The Park United Presbyterian Church is located at 14 Cortland Street (at the intersection with Woodward Avenue) in Highland Park, Michigan. It was built in 1910 as the Highland Park Presbyterian Church, listed on the National Register of Historic Places in 1982, and designated a Michigan State Historic Site in 1983. It is a member of The Presbyterian Church (U.S.A.), and continues to offer services.

==History==
The Highland Park Presbyterian Church was established in 1893 as a mission church of the First Presbyterian Church of Detroit. Three years later a small chapel was built on the site of the present church. However, the congregation grew to over two hundred members, and the present building was constructed from 1910 to 1911. In 1972, the Highland Park Presbyterian Church merged with the nearby Palmer Park Presbyterian Church to form the Park United Presbyterian Church.
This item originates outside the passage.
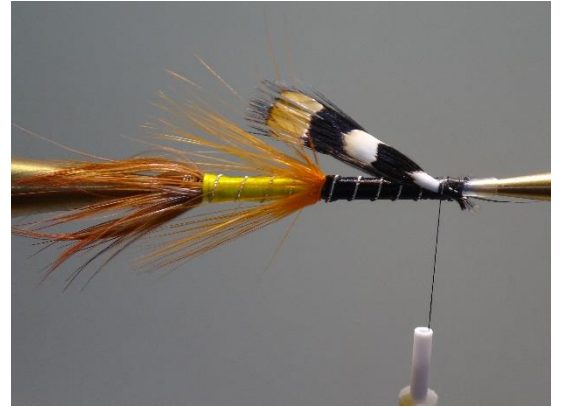
26 Tie in 2 jungle cock feathers as a wing (roofed)

The merged congregations met in the Highland Park building.

==Architecture==
The church is 110 feet long and 85 feet wide, and is constructed in a Tudor Gothic style from red brick with limestone trim and red terra cotta roof tiles. The main section of the church contains an oversized stained-glass window and a square, buttressed, flat-roofed, corner tower with a louvered belfry is located on the south side. A gabled wooden porch covers the entrance. Set back from the main block is the gabled educational wing. A parsonage, built in 1905, sits behind the church on Cortland Street.